+++ Supplied material +++

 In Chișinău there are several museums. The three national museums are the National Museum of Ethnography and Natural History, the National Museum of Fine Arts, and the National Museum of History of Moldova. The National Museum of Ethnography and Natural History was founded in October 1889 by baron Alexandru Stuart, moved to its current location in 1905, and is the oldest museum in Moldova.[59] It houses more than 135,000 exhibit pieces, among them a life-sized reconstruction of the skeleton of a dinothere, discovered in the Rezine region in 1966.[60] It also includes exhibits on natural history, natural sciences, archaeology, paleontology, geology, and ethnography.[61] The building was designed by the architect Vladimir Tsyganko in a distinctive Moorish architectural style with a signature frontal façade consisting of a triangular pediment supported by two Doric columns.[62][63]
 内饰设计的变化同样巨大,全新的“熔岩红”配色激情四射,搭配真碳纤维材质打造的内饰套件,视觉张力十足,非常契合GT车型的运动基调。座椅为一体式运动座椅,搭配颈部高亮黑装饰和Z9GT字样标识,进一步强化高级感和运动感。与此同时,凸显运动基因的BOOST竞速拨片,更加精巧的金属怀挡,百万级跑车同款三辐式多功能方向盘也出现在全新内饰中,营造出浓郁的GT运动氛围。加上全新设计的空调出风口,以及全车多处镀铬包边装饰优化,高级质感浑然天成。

+++
+++ Supplied material +++

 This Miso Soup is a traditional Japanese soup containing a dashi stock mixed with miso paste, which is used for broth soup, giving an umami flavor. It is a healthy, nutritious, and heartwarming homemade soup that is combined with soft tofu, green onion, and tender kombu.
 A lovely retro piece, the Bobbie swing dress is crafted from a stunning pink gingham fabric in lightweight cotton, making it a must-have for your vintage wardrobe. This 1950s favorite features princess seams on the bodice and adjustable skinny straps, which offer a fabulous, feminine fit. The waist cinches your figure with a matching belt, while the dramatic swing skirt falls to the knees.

+++
+++ Supplied material +++

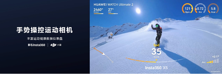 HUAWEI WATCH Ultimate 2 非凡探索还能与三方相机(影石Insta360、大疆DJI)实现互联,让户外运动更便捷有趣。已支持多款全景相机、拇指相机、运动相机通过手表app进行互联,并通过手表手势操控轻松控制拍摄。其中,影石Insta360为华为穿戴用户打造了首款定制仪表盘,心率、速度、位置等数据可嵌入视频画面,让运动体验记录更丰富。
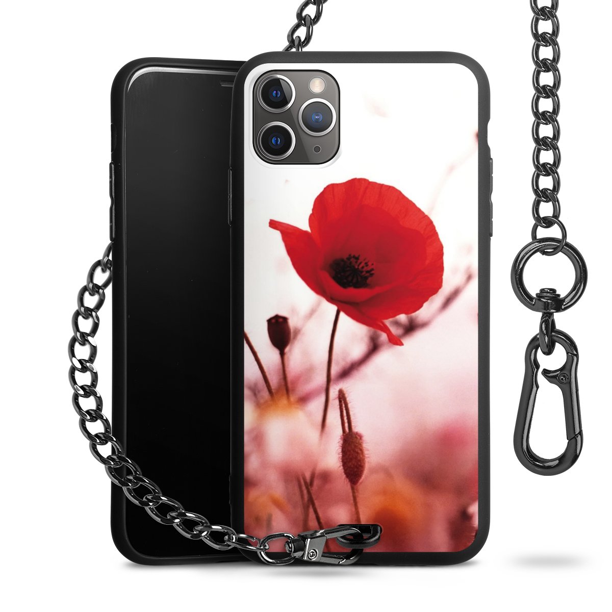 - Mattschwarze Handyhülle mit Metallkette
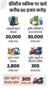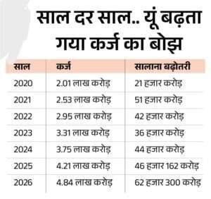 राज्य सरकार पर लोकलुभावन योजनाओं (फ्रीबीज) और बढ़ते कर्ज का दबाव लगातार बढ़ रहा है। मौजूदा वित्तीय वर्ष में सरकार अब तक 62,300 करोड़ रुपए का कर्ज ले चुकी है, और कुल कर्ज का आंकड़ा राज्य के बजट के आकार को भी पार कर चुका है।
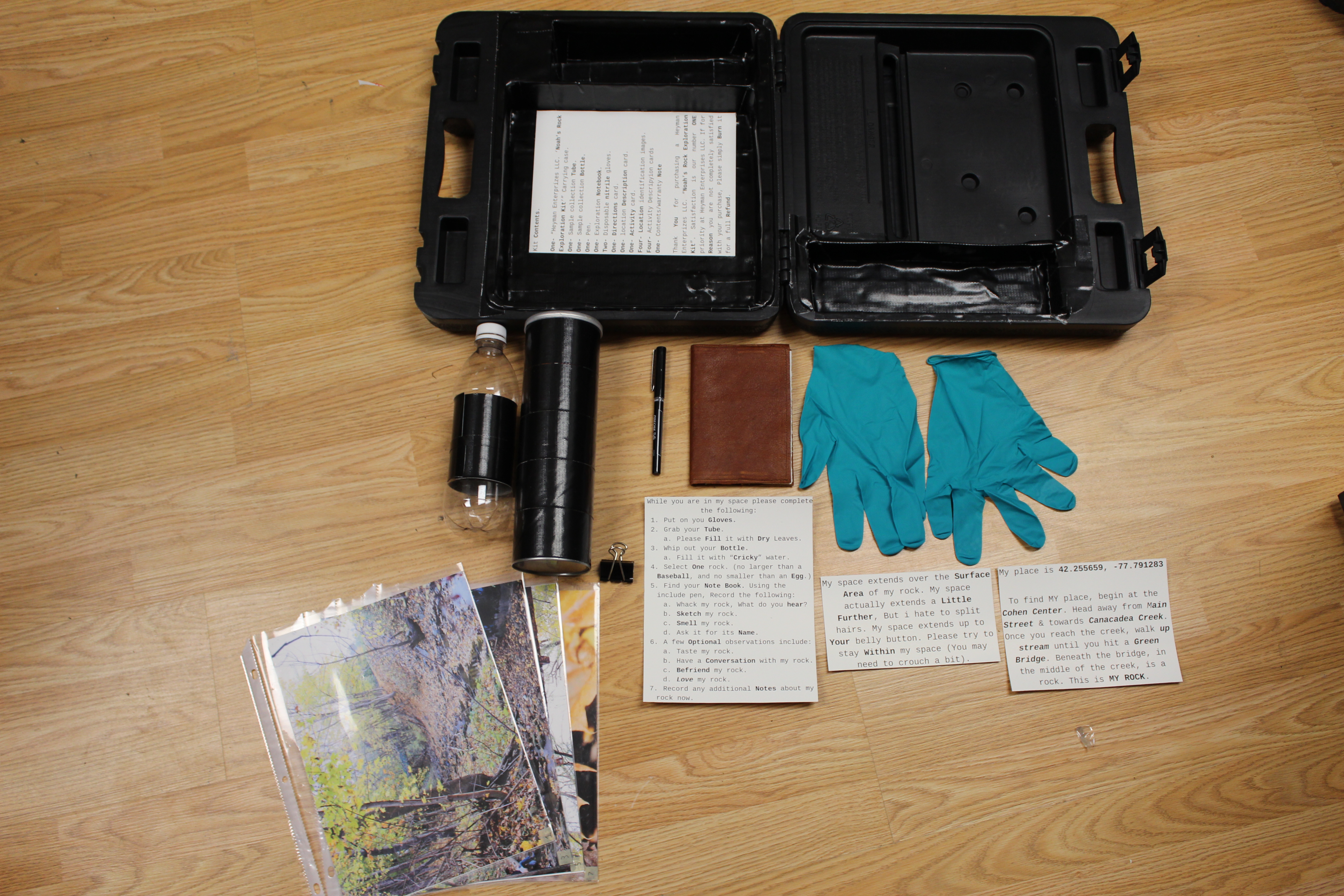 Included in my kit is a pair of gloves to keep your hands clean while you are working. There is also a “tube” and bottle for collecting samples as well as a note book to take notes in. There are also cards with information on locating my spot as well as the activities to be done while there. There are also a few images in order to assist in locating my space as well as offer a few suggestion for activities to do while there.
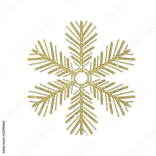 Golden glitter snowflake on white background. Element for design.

+++

Work instructions:
Beginning at the line above that contains "- Mattschwarze Handyhülle mit Metallkette", repeat each line exactly through the one that contains "Golden glitter snowflake", and leave out the pictures.

Written response:
 - Mattschwarze Handyhülle mit Metallkette
 राज्य सरकार पर लोकलुभावन योजनाओं (फ्रीबीज) और बढ़ते कर्ज का दबाव लगातार बढ़ रहा है। मौजूदा वित्तीय वर्ष में सरकार अब तक 62,300 करोड़ रुपए का कर्ज ले चुकी है, और कुल कर्ज का आंकड़ा राज्य के बजट के आकार को भी पार कर चुका है।
 Included in my kit is a pair of gloves to keep your hands clean while you are working. There is also a “tube” and bottle for collecting samples as well as a note book to take notes in. There are also cards with information on locating my spot as well as the activities to be done while there. There are also a few images in order to assist in locating my space as well as offer a few suggestion for activities to do while there.
 Golden glitter snowflake on white background. Element for design.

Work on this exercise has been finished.